SUPPLIED ENTRIES ->
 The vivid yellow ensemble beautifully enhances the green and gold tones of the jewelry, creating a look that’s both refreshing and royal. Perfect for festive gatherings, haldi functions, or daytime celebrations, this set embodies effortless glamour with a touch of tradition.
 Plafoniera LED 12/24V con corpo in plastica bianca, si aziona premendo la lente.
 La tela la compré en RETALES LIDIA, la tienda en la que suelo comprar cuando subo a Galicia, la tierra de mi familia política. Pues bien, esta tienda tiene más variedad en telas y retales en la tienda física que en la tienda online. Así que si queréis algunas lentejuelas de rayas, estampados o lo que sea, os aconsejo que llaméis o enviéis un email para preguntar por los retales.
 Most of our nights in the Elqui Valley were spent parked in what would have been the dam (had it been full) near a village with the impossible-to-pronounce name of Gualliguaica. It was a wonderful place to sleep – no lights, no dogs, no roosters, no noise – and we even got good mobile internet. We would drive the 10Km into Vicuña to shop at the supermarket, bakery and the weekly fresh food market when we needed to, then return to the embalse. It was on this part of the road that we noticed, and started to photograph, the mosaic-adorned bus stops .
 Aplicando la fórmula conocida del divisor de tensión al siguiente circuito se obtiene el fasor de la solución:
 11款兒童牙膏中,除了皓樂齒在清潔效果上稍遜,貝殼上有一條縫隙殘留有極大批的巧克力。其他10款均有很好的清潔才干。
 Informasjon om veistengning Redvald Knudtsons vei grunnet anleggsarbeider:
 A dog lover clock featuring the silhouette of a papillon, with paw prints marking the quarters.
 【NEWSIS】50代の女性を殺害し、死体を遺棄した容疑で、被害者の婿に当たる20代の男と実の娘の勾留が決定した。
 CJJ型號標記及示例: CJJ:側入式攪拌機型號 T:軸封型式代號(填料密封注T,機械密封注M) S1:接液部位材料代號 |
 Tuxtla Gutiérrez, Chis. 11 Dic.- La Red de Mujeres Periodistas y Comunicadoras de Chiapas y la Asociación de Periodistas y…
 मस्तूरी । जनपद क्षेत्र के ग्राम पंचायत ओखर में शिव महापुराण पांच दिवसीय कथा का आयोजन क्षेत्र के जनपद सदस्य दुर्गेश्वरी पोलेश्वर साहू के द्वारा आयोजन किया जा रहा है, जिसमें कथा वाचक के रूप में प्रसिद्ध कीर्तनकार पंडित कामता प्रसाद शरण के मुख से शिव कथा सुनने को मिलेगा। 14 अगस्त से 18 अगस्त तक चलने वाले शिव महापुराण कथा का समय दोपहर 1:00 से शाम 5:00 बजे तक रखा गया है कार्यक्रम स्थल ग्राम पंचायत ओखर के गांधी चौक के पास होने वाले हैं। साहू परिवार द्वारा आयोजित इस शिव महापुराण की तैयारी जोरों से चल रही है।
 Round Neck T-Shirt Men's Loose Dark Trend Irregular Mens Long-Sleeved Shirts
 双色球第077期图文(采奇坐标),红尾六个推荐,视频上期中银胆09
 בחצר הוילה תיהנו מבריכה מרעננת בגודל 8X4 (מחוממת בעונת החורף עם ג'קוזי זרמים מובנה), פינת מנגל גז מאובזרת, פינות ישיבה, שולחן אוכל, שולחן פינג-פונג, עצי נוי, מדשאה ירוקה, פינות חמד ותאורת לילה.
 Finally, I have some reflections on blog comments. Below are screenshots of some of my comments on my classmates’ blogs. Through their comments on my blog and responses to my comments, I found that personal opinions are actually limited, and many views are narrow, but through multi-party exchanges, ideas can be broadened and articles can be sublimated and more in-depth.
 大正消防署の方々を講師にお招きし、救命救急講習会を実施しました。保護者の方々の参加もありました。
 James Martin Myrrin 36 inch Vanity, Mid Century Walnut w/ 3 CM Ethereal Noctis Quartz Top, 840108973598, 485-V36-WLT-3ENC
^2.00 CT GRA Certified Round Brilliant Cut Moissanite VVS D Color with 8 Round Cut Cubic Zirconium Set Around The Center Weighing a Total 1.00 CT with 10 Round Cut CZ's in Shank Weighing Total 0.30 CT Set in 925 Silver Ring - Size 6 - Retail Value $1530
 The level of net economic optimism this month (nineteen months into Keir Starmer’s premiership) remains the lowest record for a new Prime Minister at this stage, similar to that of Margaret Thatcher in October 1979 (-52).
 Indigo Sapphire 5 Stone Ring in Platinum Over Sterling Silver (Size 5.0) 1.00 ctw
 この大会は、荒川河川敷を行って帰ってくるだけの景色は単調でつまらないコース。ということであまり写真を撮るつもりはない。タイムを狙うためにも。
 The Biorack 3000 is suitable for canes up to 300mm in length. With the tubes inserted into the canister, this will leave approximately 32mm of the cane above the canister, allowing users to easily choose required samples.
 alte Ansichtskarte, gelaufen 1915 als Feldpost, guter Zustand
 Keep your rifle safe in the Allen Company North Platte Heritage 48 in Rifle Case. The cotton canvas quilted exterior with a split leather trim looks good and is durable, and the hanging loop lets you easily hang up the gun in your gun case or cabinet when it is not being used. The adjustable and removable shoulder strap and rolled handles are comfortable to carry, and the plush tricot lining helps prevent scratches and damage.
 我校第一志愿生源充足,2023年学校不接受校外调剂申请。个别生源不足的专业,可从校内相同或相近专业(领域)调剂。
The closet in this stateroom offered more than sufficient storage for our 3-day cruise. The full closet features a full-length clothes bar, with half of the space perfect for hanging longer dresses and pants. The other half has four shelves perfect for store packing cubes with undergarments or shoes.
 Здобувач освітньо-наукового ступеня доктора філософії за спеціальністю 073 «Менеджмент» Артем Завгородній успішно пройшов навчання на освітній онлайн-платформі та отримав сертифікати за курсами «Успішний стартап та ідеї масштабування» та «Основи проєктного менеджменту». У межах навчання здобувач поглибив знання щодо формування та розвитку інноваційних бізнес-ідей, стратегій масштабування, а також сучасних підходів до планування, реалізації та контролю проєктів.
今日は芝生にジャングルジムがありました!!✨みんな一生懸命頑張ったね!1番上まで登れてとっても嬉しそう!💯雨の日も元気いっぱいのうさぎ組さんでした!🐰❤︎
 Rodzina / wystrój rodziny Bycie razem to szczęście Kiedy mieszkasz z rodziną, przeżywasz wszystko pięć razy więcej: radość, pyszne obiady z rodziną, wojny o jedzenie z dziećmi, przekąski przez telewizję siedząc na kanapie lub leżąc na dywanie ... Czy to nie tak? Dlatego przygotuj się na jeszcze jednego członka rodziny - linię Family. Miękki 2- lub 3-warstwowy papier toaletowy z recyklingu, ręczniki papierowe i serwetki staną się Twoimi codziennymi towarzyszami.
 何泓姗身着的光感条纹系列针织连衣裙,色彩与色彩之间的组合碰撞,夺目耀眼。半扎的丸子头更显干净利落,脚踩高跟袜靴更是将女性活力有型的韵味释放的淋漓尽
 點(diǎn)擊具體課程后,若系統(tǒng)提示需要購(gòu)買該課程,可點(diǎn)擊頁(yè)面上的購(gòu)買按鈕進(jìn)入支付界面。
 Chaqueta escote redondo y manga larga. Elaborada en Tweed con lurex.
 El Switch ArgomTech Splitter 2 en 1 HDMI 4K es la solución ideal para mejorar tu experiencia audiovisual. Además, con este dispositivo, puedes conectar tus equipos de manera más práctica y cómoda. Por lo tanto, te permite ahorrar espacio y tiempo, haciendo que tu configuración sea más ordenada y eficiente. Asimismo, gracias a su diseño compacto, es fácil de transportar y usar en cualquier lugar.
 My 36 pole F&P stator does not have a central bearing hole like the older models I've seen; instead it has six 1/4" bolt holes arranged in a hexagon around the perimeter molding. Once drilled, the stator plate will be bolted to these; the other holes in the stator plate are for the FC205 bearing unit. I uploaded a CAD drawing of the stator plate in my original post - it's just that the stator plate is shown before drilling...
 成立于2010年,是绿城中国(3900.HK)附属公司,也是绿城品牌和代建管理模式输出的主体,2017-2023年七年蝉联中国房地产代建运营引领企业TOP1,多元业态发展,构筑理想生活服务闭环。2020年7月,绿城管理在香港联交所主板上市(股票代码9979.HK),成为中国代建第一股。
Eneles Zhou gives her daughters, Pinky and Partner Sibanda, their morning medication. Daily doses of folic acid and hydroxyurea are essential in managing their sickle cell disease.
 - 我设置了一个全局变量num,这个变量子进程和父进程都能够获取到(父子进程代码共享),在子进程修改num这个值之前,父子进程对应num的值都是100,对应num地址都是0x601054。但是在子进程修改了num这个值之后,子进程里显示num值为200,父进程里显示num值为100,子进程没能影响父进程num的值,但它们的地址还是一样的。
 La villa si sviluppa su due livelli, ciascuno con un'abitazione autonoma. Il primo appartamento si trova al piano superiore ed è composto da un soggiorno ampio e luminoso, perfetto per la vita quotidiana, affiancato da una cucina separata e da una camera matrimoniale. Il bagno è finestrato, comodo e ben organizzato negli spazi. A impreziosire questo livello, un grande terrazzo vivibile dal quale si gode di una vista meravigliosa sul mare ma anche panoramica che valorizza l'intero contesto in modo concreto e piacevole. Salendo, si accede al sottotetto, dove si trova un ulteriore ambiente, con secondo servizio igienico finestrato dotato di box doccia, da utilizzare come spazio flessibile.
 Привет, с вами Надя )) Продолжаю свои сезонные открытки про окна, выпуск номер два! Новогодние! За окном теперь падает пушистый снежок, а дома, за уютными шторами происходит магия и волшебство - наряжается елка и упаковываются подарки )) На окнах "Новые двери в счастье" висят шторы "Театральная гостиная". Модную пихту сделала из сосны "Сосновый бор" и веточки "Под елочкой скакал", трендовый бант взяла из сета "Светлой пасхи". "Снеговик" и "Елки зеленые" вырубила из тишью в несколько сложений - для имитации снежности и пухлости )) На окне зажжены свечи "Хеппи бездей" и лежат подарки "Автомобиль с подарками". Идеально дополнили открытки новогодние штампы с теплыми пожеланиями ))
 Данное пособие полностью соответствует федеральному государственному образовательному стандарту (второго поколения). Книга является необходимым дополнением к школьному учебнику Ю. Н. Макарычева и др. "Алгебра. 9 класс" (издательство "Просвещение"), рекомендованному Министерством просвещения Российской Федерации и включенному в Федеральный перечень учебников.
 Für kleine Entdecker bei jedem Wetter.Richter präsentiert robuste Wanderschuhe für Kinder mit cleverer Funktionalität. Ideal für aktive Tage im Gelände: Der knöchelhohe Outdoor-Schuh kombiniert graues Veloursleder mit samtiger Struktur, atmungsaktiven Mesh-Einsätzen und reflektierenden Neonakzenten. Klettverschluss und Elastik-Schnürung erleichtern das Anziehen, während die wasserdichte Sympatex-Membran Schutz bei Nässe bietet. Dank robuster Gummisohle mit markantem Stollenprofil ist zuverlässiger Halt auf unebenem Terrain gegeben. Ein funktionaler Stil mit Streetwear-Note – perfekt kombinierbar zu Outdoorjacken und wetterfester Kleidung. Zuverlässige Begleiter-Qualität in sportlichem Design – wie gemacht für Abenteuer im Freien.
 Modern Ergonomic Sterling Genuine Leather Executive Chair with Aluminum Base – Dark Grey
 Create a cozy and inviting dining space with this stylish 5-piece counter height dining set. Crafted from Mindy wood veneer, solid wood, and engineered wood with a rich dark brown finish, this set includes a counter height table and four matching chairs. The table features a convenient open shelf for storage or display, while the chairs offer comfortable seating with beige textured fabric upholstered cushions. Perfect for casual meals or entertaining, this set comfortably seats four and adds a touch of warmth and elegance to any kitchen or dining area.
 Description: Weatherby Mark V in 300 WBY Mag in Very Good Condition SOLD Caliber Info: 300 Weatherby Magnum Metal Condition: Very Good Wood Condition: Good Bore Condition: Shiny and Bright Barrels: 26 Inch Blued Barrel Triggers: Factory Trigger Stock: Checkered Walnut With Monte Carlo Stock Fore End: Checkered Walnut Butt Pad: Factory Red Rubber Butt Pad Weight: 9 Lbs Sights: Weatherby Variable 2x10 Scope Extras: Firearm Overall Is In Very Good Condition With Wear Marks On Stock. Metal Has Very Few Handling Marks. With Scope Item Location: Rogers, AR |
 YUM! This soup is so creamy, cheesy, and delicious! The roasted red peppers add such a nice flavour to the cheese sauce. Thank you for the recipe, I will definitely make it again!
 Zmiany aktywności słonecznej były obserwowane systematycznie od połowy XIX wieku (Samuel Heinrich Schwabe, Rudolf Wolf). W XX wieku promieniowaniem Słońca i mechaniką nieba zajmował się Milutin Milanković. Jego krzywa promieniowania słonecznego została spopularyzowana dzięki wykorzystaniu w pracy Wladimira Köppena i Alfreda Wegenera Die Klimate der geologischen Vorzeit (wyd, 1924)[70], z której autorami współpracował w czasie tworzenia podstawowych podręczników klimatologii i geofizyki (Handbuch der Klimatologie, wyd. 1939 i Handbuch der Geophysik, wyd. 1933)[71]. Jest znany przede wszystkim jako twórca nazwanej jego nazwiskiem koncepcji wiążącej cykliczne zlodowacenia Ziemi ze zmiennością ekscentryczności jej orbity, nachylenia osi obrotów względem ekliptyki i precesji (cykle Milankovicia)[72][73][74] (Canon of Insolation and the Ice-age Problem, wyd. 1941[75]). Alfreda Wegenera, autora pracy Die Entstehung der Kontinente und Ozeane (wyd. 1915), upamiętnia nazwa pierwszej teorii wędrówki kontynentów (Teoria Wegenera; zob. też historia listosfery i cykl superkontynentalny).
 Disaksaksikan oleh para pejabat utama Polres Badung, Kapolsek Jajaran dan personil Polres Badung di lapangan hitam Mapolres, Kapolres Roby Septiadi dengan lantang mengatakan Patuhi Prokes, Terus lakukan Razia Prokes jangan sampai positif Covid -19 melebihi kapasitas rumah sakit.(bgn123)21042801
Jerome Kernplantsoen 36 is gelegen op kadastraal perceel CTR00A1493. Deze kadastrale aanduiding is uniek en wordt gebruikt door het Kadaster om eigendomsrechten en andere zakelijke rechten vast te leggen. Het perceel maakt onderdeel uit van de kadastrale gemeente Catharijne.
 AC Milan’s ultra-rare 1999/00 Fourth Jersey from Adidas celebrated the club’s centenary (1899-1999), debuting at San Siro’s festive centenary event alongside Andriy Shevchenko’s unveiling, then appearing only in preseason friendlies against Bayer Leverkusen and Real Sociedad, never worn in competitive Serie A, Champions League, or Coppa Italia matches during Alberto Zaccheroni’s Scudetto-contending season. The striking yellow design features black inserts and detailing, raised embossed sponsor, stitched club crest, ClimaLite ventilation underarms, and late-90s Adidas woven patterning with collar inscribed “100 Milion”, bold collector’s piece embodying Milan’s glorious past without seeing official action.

WHAT THE EXERCISE ASKS -> Above are the entries. Quote exactly the lines from the one bearing "點(diǎn)擊具體課程后,若系統(tǒ" through the one bearing "My 36 pole F&P".

REPLY ->
 點(diǎn)擊具體課程后,若系統(tǒng)提示需要購(gòu)買該課程,可點(diǎn)擊頁(yè)面上的購(gòu)買按鈕進(jìn)入支付界面。
 Chaqueta escote redondo y manga larga. Elaborada en Tweed con lurex.
 El Switch ArgomTech Splitter 2 en 1 HDMI 4K es la solución ideal para mejorar tu experiencia audiovisual. Además, con este dispositivo, puedes conectar tus equipos de manera más práctica y cómoda. Por lo tanto, te permite ahorrar espacio y tiempo, haciendo que tu configuración sea más ordenada y eficiente. Asimismo, gracias a su diseño compacto, es fácil de transportar y usar en cualquier lugar.
 My 36 pole F&P stator does not have a central bearing hole like the older models I've seen; instead it has six 1/4" bolt holes arranged in a hexagon around the perimeter molding. Once drilled, the stator plate will be bolted to these; the other holes in the stator plate are for the FC205 bearing unit. I uploaded a CAD drawing of the stator plate in my original post - it's just that the stator plate is shown before drilling...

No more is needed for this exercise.